Activity: From the line holding "金楊與鄭露露表現優異,被選為" through the line holding "Рис. 482, 483." below, write out every line exactly; include both of those lines and drop the pictures.

Materials provided:
⟨

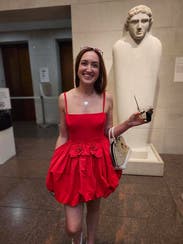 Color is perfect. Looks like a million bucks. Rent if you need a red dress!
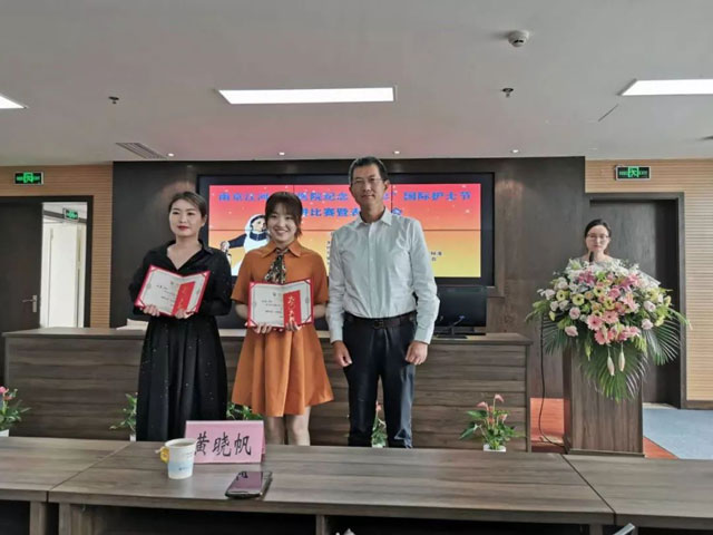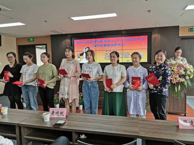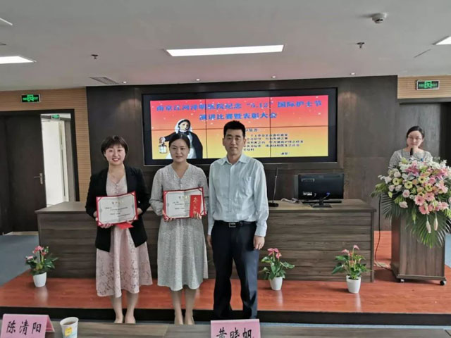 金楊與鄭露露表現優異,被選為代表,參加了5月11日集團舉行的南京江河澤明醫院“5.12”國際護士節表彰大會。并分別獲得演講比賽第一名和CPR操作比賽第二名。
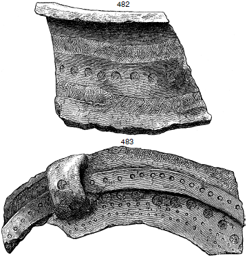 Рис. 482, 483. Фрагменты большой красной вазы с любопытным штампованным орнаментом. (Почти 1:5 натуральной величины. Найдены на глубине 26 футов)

⟩
⟨

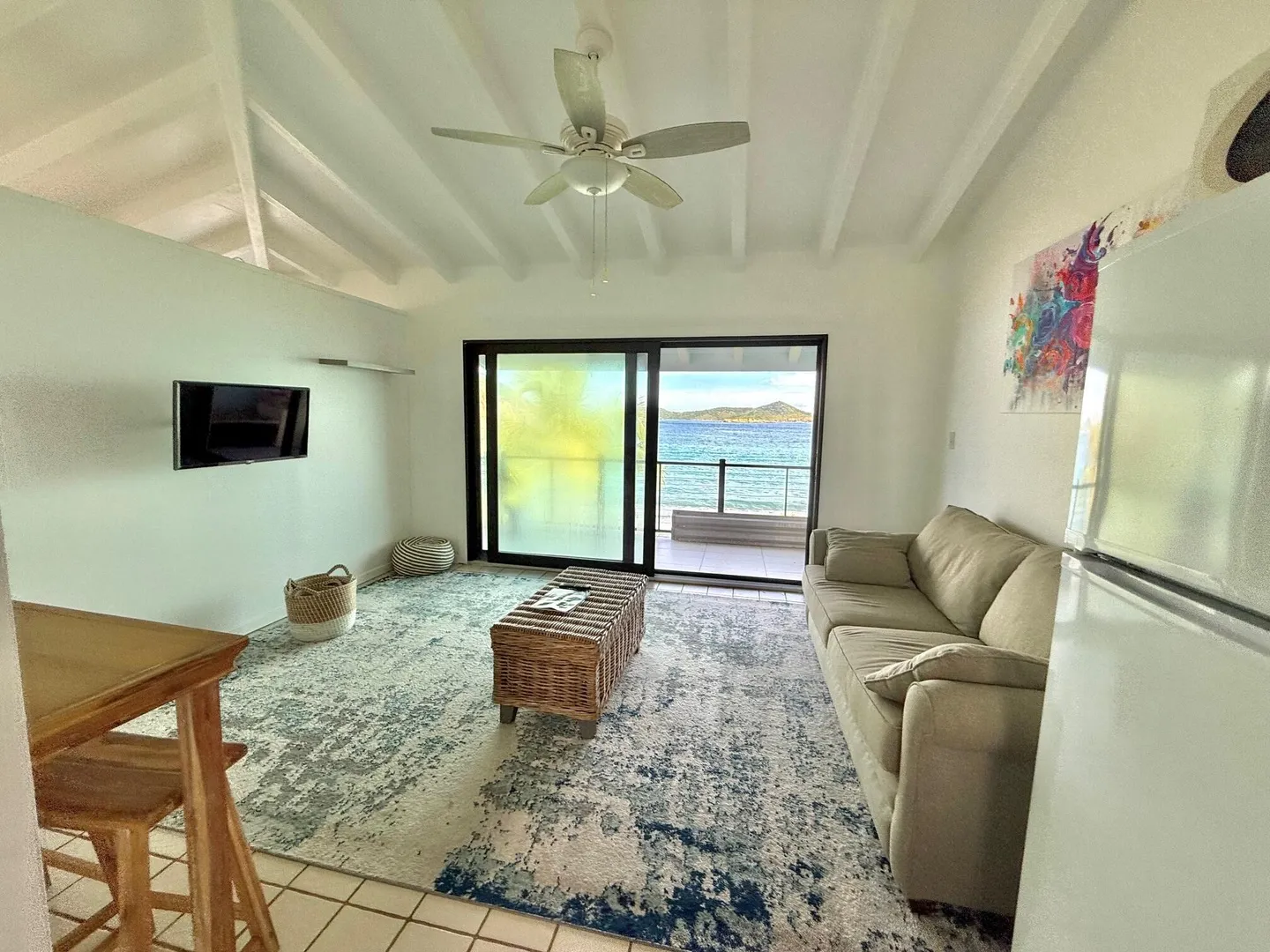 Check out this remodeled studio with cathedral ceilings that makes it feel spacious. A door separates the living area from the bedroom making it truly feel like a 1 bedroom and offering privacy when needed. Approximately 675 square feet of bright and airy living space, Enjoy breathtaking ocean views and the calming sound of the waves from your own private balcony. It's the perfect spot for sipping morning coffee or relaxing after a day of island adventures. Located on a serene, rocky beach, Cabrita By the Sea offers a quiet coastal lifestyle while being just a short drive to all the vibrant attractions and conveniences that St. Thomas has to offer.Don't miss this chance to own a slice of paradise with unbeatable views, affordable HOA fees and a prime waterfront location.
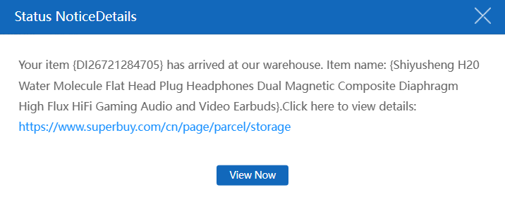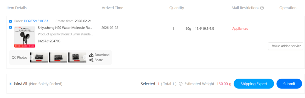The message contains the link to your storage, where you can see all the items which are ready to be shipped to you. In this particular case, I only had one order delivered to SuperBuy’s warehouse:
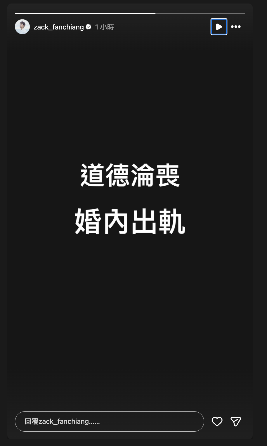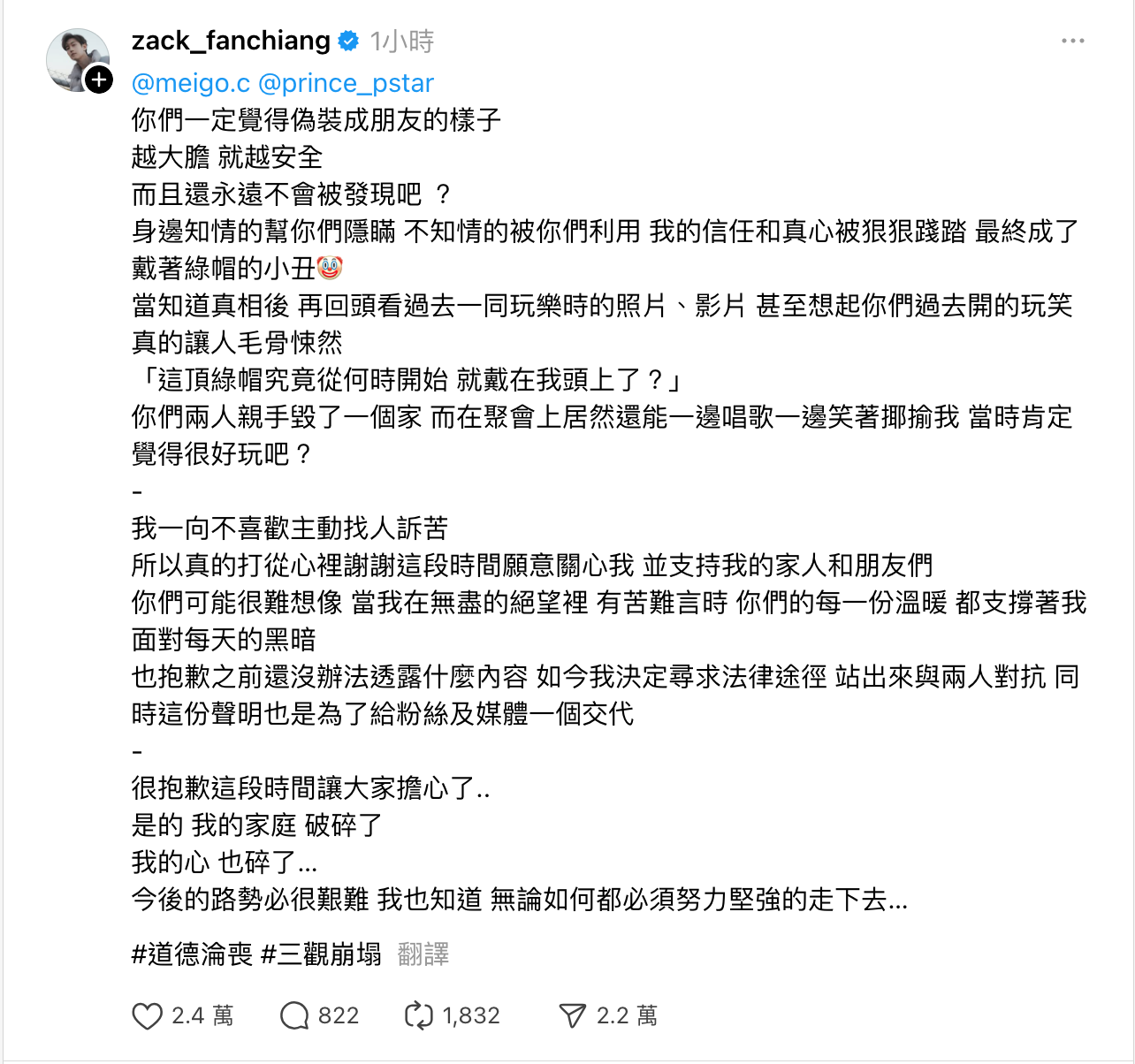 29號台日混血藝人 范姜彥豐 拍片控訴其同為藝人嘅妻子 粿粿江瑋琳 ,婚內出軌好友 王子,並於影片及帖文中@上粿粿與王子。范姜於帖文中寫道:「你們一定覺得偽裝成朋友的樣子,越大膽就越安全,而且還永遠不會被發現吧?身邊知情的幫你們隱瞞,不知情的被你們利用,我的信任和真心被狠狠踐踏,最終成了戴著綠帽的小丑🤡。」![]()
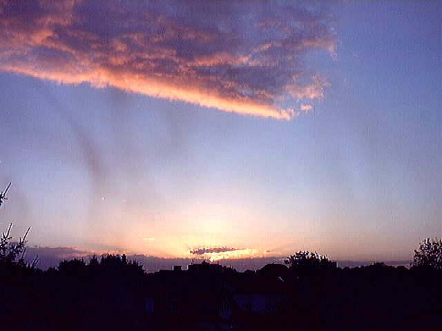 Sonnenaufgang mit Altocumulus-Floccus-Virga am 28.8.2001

⟩
⟨

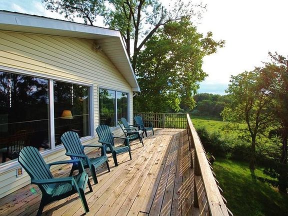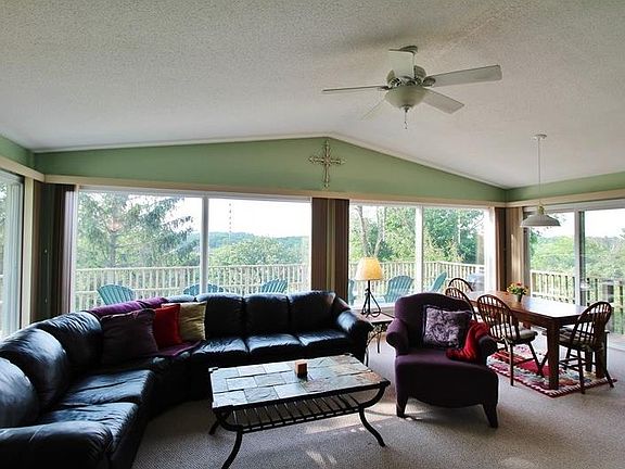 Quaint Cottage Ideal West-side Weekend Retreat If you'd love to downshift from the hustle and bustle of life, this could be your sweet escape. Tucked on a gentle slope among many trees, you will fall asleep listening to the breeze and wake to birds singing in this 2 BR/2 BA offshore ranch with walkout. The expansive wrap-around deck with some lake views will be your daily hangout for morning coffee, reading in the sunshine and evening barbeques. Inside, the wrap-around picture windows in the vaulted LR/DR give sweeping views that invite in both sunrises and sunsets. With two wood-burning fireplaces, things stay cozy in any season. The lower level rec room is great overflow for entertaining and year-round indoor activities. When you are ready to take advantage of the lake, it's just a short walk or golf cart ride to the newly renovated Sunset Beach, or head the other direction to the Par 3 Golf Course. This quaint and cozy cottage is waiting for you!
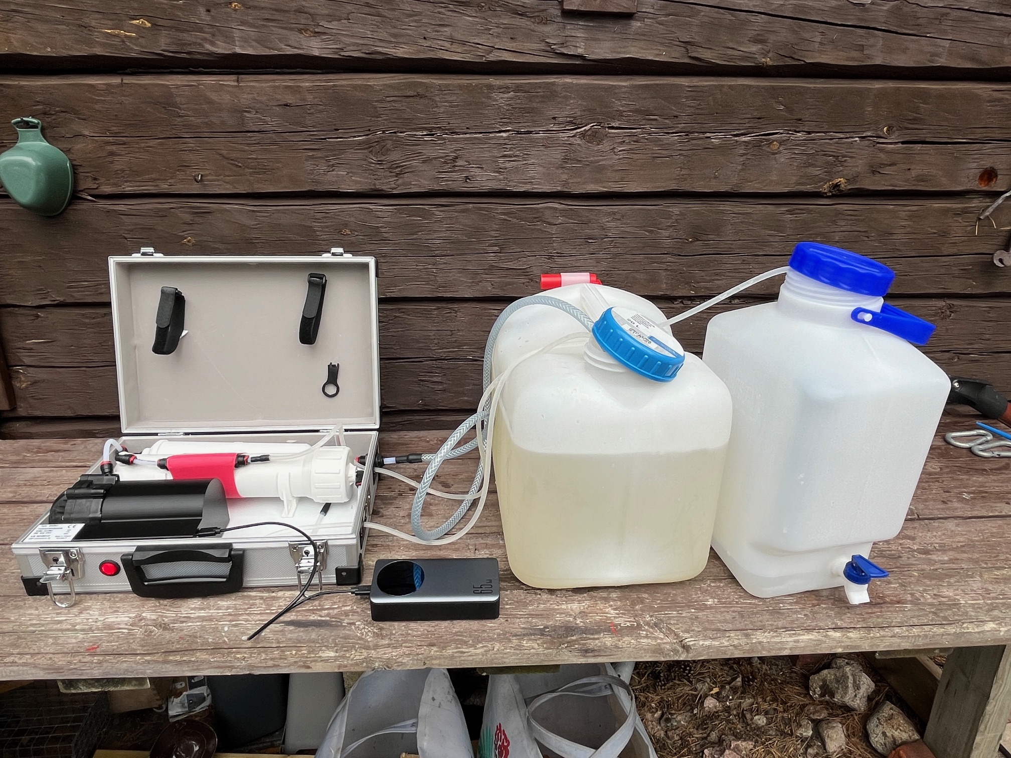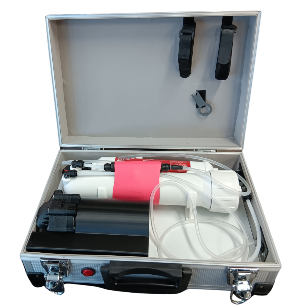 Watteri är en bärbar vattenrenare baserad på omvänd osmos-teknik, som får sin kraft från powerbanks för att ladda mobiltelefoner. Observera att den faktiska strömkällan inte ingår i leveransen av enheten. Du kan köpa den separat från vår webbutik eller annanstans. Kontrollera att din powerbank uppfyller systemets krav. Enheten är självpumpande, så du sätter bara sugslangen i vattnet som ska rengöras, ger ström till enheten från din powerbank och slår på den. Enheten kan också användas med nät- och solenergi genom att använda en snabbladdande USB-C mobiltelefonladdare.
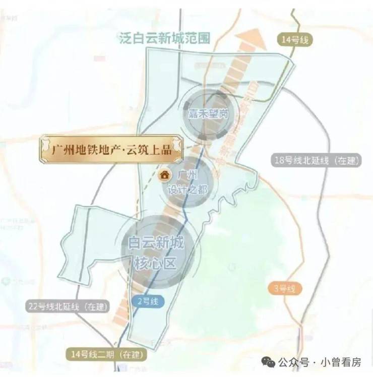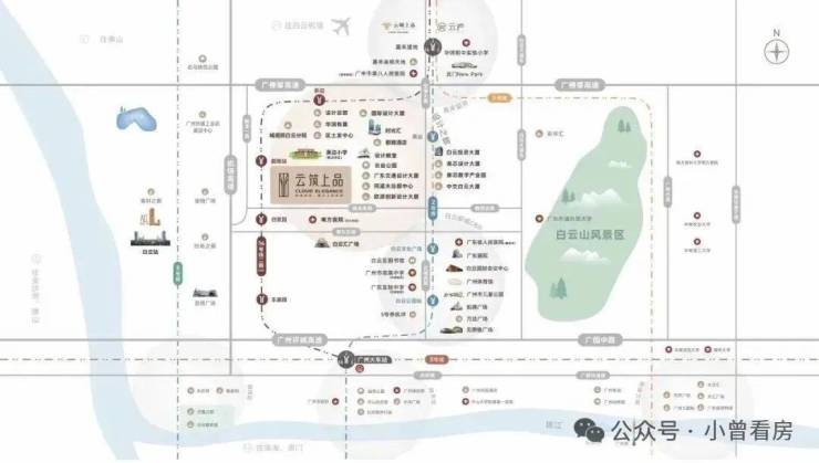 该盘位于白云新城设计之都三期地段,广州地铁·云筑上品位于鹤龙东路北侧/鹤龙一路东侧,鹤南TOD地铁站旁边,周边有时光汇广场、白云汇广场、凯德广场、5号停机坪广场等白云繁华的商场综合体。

⟩

Expected answer:
 金楊與鄭露露表現優異,被選為代表,參加了5月11日集團舉行的南京江河澤明醫院“5.12”國際護士節表彰大會。并分別獲得演講比賽第一名和CPR操作比賽第二名。
 Рис. 482, 483. Фрагменты большой красной вазы с любопытным штампованным орнаментом. (Почти 1:5 натуральной величины. Найдены на глубине 26 футов)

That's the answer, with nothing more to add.